___ Recorded information ___

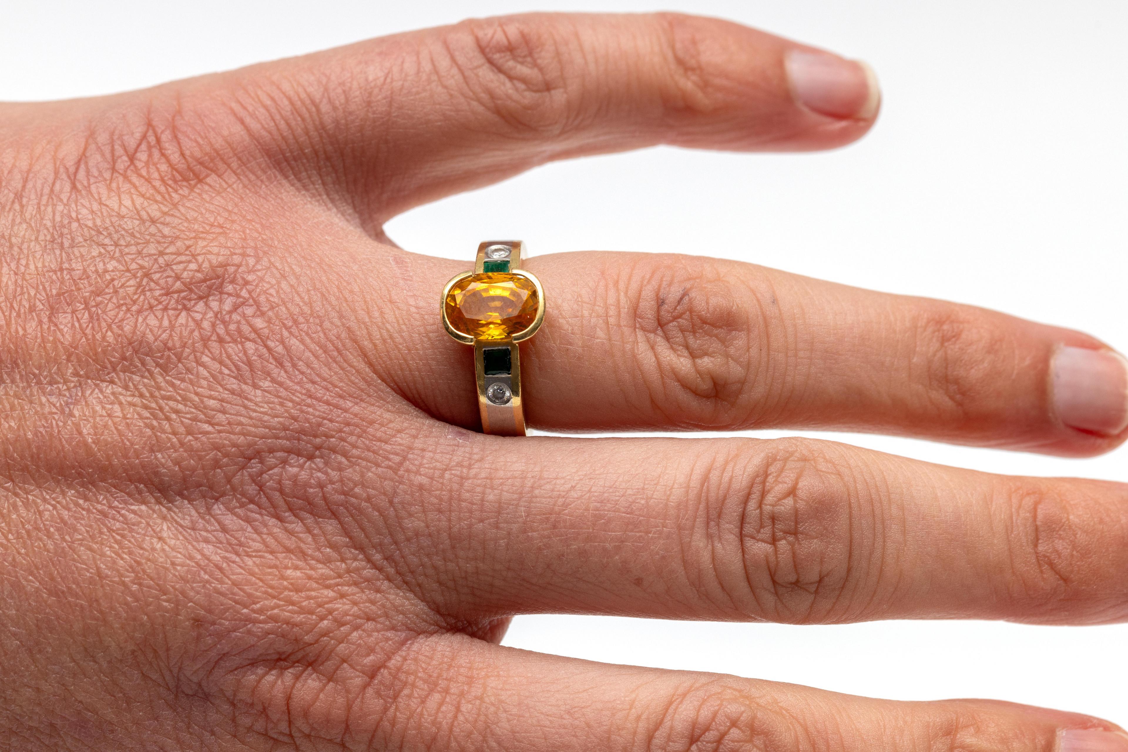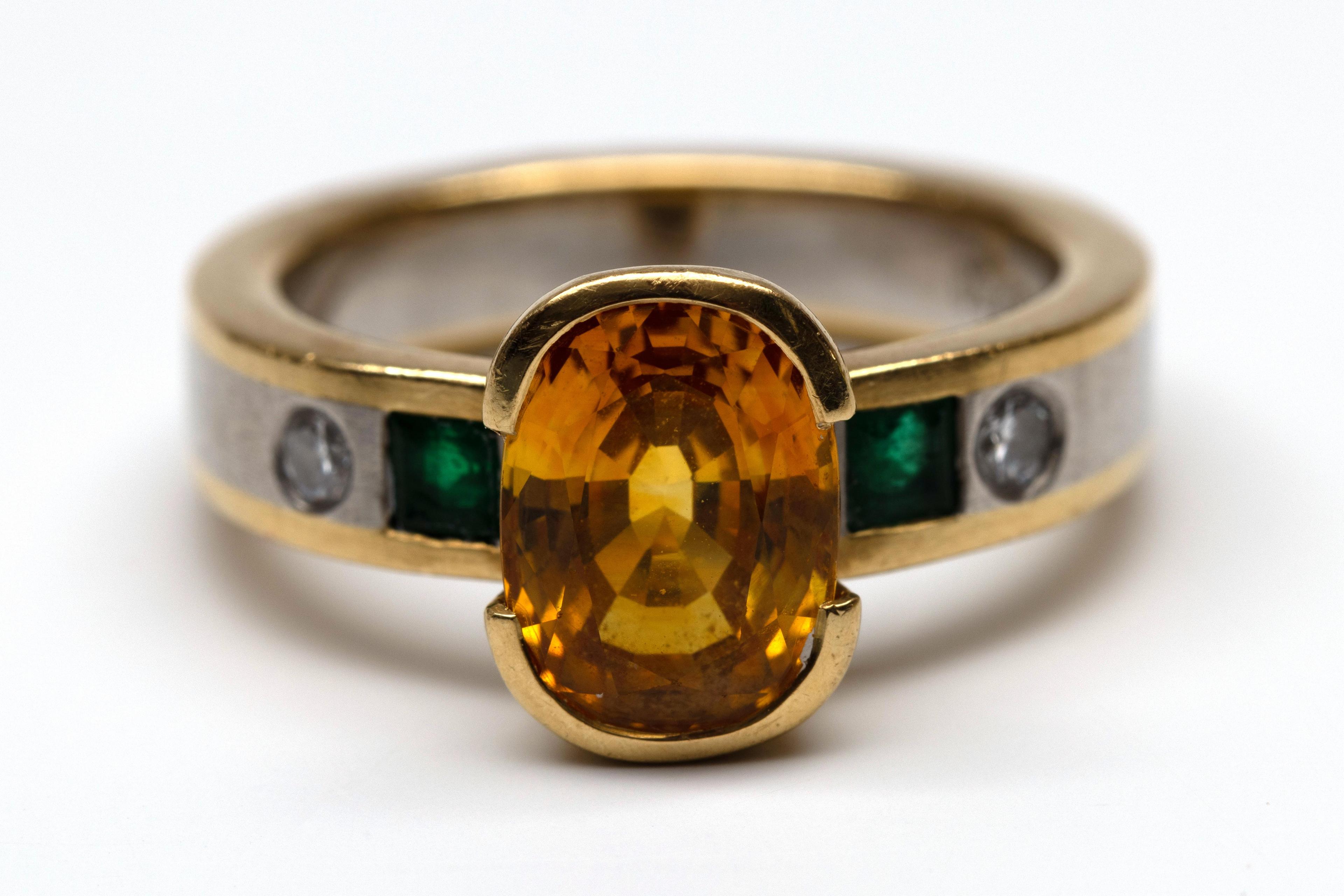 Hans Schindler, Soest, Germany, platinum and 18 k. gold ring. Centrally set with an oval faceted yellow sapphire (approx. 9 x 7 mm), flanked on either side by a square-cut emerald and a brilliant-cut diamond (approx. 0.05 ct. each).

___
___ Recorded information ___

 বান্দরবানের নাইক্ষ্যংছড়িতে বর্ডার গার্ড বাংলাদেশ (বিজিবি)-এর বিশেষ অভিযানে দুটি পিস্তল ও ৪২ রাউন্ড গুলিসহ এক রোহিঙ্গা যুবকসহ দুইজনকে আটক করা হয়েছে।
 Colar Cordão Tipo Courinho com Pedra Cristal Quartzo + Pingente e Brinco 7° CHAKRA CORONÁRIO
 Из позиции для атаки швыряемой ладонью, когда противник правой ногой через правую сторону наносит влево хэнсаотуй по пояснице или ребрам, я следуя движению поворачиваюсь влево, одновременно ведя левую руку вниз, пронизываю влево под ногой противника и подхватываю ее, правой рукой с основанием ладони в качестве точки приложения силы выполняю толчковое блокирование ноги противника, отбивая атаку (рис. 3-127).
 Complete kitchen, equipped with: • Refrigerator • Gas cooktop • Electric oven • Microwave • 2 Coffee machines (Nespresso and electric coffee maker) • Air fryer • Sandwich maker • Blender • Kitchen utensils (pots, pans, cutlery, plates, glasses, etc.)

___
___ Recorded information ___

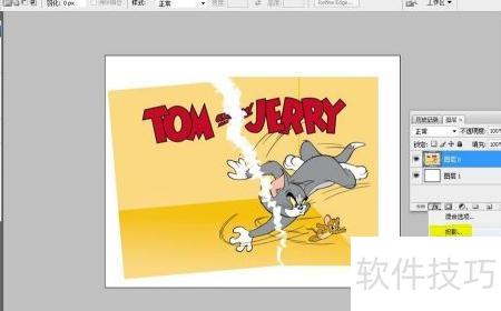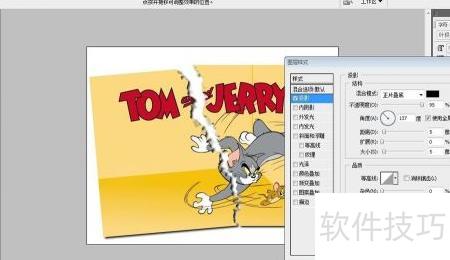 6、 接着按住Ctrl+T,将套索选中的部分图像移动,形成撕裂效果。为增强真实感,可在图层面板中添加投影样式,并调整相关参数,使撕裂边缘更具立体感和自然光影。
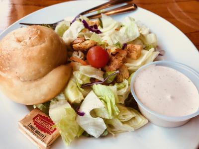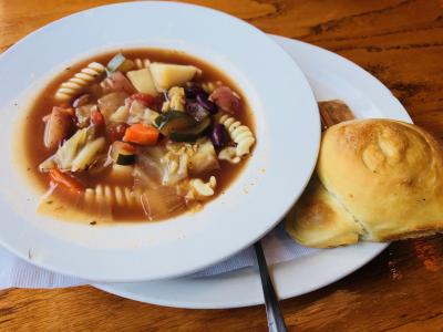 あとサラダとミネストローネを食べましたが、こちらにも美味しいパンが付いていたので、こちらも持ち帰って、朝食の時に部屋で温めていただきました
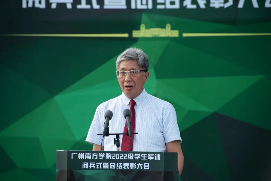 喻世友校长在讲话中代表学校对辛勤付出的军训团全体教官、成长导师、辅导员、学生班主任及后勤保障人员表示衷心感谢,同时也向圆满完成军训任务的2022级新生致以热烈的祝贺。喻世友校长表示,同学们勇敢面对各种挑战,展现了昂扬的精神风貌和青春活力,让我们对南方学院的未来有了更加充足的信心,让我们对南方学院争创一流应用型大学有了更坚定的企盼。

___

_Problem requirements_:
Look above for the line with "বান্দরবানের নাইক্ষ্যংছড়িতে বর্ডার" and the line with "Colar Cordão Tipo". Write out those two lines and all the lines between them, exactly, and no others.

_Your response_:
 বান্দরবানের নাইক্ষ্যংছড়িতে বর্ডার গার্ড বাংলাদেশ (বিজিবি)-এর বিশেষ অভিযানে দুটি পিস্তল ও ৪২ রাউন্ড গুলিসহ এক রোহিঙ্গা যুবকসহ দুইজনকে আটক করা হয়েছে।
 Colar Cordão Tipo Courinho com Pedra Cristal Quartzo + Pingente e Brinco 7° CHAKRA CORONÁRIO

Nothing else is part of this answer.